Öğle güzel bir uyku çekmişim ki, inanamazsınız. Sabah klasik 7:00 uyanıyorum buralarda.Tabii saat 9-10 da yatarsan böyle olur diyeceksiniz.O sabah uykularını seven bana ne oldu bilmiyorum,meğer kendimi tanımıyormuşum.Gerçekten burası cennet gibi bir yer,kimseler kalkmadan çimlerin üzerinde uzun zamandır fırsat bulamadığım yogamı da yaptım.Hava bugün yine bulutlu ama zaman zaman güneş kendini gösteriyor,her şey güzel.Sabah kahvaltımı 6.000 pesoluk olan meyve suyu, reçel, tereyağı, çay ve scrambled yumurtadan oluşan menüden seçtim ve kuş sesleri arasında götürdüm.Daha sonra bisiklet kiralayıp yakında 15 km de bir şelale olduğunu duyduğum yere gidecektim ama bütün bisikletleri bozukmuş,şans ne yapalım evrene karşı gelinmiyor.Bende kasabayı turlarım ve kısa yürüyüşler yaparım diye düşünerek heybemi kapıp, oda arkadaşlarımla vedalaşarak yola koyuldum.

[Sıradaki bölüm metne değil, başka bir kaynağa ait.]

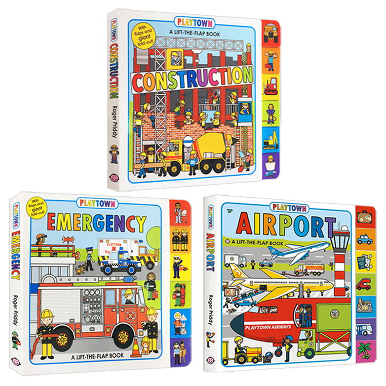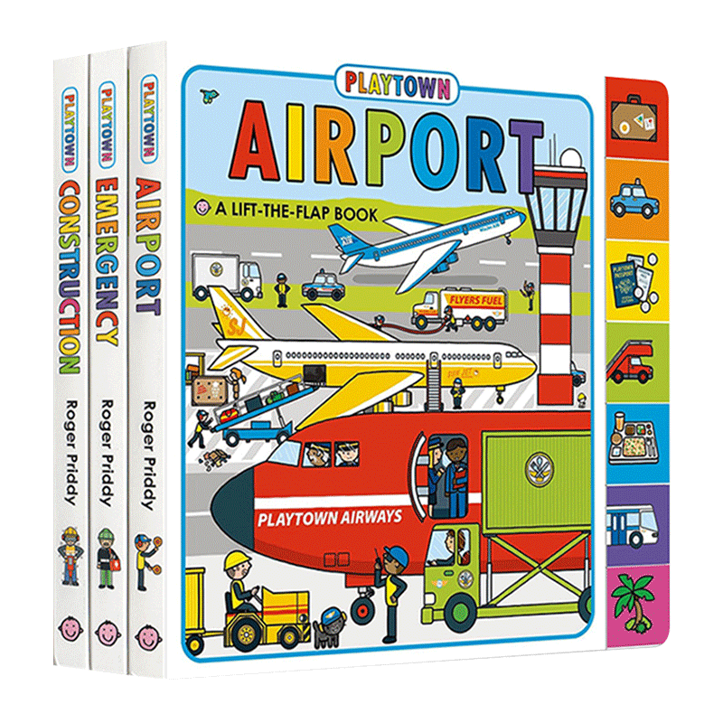 儿童纸板翻翻书 书 建筑 英语辅导玩具游戏进口原版 幼儿启蒙绘本 英文版 Playtown 紧急情况 机场 玩玩镇系列 英文原版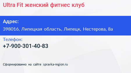 Ultra Fit, женский фитнес-клуб по адресу 398016, Липецкая область, Липецк, Нестерова, 8а в дальнейшем Организация, размещена в следующих категориях:
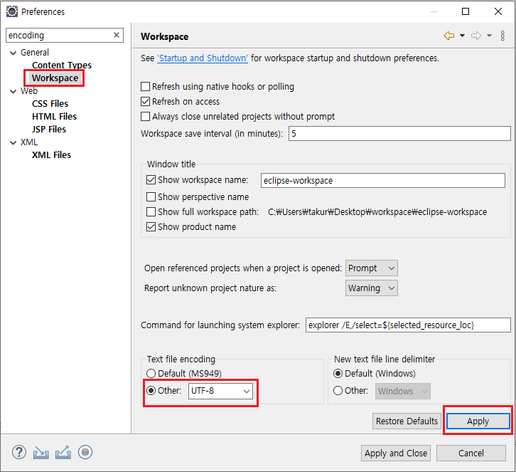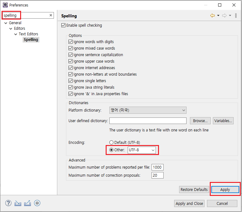 5. 검색창에 spelling을 입력하고 다음과 같이 UTF-8을 지정한 후 Apply 누른다. 니가 숨어있어 봐야

                Meşhur meydana gittim ve oturdum,çok enteresan bir yer bu meydan; insanı ipnotize ediyor sanki, bıraksalar öylece oturacam.Ama içimden bir ses azıcık etrafı dolaş, tembellik yapma dedi.Öyle dolaşırken şansıma önüme bisiklet kiralayan bir dükkan çıkardı.Baktım bir turist çift te kiralıyor, bir cesaret bende kiralıyım dedim.Ama herif bana külüstür bir tane verince başka istedim yok filan dedi,gözü kör olsun lisan bilmeyince, bazen derdini anlatamıyorsun.Neyse dedim başımıza varsa bir gelecek, çekeriz.2 saatliğine 6.000 peso verip atladım bisiklete.Ama epeydir ona da binmediğim için en ufak yokuşlarda bile inip itmek durumunda kaldım.Olsun doğa içinde yakınlarda 3 tane göl varmış, birde bir çöl bitkilerinin olduğu bir botanik garden’ı bu sayede görmüş oldum.Gerçekten yürünmezmiş.Arada sırada ağaçlar altında molalar vererek geri döndüm.Külüstürü geri verdim ve plaza da biraz nefeslendim.Daha sonra bir marketten alış veriş yaptım ve su ile meyvelerimi alıp hostelde keyif yapmaya gittim.Kısa bir duş sonrası karnım acıktığı için çok hoş olan açık hava mutfakta aldığım makarnayı pişirdim.Yalnız sos bulamadığım için yoğurt diye aldığım şey şekerli ayran çıkınca makarnamı mutfakta bulunan baharatlarla tatlandırmam gerekti.Anlayacağınız ilk yemeğimi pişirdim.Ama hostellerin rajonu galiba bu.Zira herkes az parayla gezdiği  için kendi yemeklerini kendi yapıyorlar.Bu arada benim oda arkadaşlarımı görünce şaşırdım,bir tanesini kasabada gezerken bir köpek ısırmış o yüzden gitmelerini birkaç saat ertelemişler.Tabii diş doktoru hemen olaya el koydu ve tam baldırından ısırdığı yeri biraz pansumanla kapattık.Kuduz aşısı olup olmadığını sordum, yok dedi ama önemsemedi.Gençlik işte ne yaparsın,ben elimden geleni yapmıştım.Daha sonra bahçede kurulu hamaklardan birine yatarak Kolombiya kahvemi yudumladım ve kitabımı okudum.Nedense burada çok güzel bir enerji vardı.Daha sonra ayrı ayrı gezen ama burada buluşmuş olan 3 almanla biraz muhabbet ettik.Gerçekten neden bilmem ama bu almanlar gezmeyi biliyor.Daha sonra bize Kanadalı, bir büyük otelin restoranında şarap direktörlüğü yapan bir çocuk katıldı.Akşam saatlerinde almanlardan biri, burada güzel felafel yapıyorlar ama çok büyük benimle bölüşmek isteyen varmı diyince hemen atladım.Köklerimizde araplık var nede olsa.Gele gele yufka ekmeğine sarılı iki felefel ve salata geldi, nerde bizim Şamda yediklerimiz dedirtti tabii.Şarap marap derken yatma vakti geldi ve herkes odasına çekildi.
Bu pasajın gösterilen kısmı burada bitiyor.